- _EXTRACTED RECORDS_

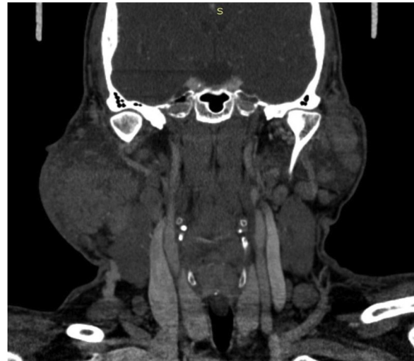
Figure 2 Computed tomography of the neck (coronal view) showing bilateral diffuse enlargement of the parotid glands, right more than left, multiple nodules of varying sizes in the superficial and deep lobe of both glands. Both the internal jugular veins and carotid vessels are preserved.

clear bilateral fossa of Rossemullers and normal laryngeal structures.
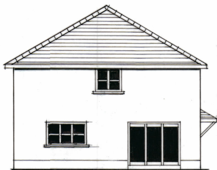
PROPOSED SIDE ELEVATION (B)
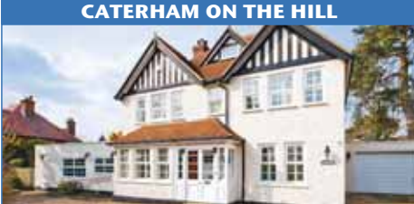
An opportunity to acquire an elegant Edwardian detached family house offering spacious and versatile accommodation with the benefit of a self contained annexe situated in a highly sought after residential road and occupying a well established level plot approaching half an acre. EPC: D UPC1112
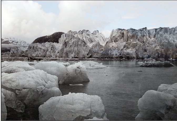
Figure 2. Intermediate step of the Microsoft® PowerPoint® dissolve out custom animation of the Before Photo revealing the underlying After Photo. After Photo: Muir Inlet, Glacier Bay National Park, Alaska.
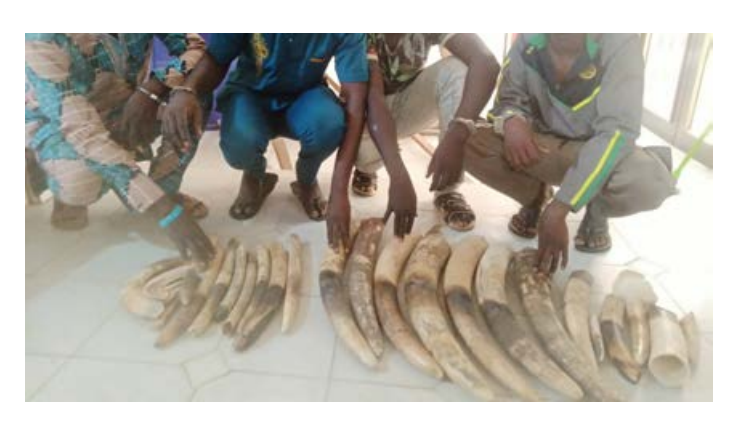
4 traffickers arrested with 11 tusks, 8 ivory pieces and 7 hippo teeth in a crackdown on a cross-border trafficking ring in Togo.

A trafficker from Burkina Faso arrested with two elephant tusks in Lomé, Togo. He is a government official, trafficking ivory cross-border in collaboration with his boss. The trafficker is involved in counterfeit money criminality. The ivory tusks were well-pack-
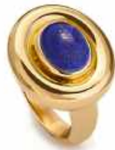
18ct Yellow Gold Ring Rub Over Set with Lapis Lazuli Cabochon £3,100.00
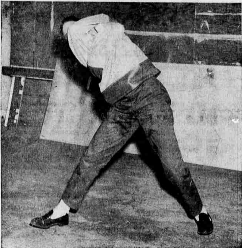
If I can just get my arm over my head.
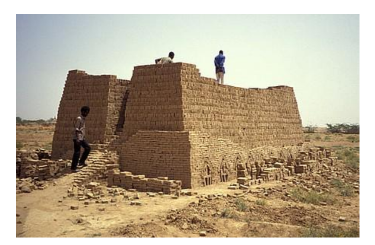
Figure 2: A brick clamp kiln is shown near Kassala.

A team of 15 labourers (three tables) was employed in the production of 118000 bricks at Kurmuta, west of Kassala town. 11 lorry loads (16393.50 kg) of fuelwood (miskit) from Kassala, 8 lorry loads of loose bagasse and 6000 blocks (7980 kg) from Halfa were provided for the production of bricks. Essential production tools, including Buller's bars for gauging firing temperature, were also acquired.
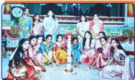
Students joyfully lit lamps, their faces aglow with happiness and excitement
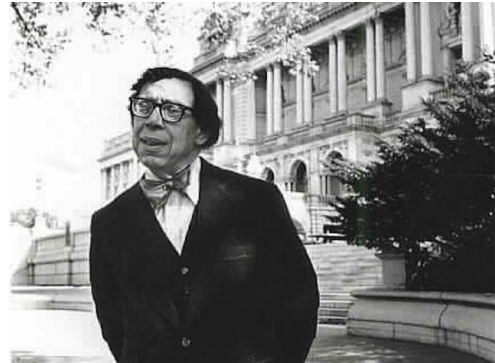
Undated photo of Robert Hayden.

- _WHAT THE TASK REQUIRES_
Of the lines in the data above, some may include the word "tusks"; state how many, with no added words.

- _EXPECTED OUTPUT_
2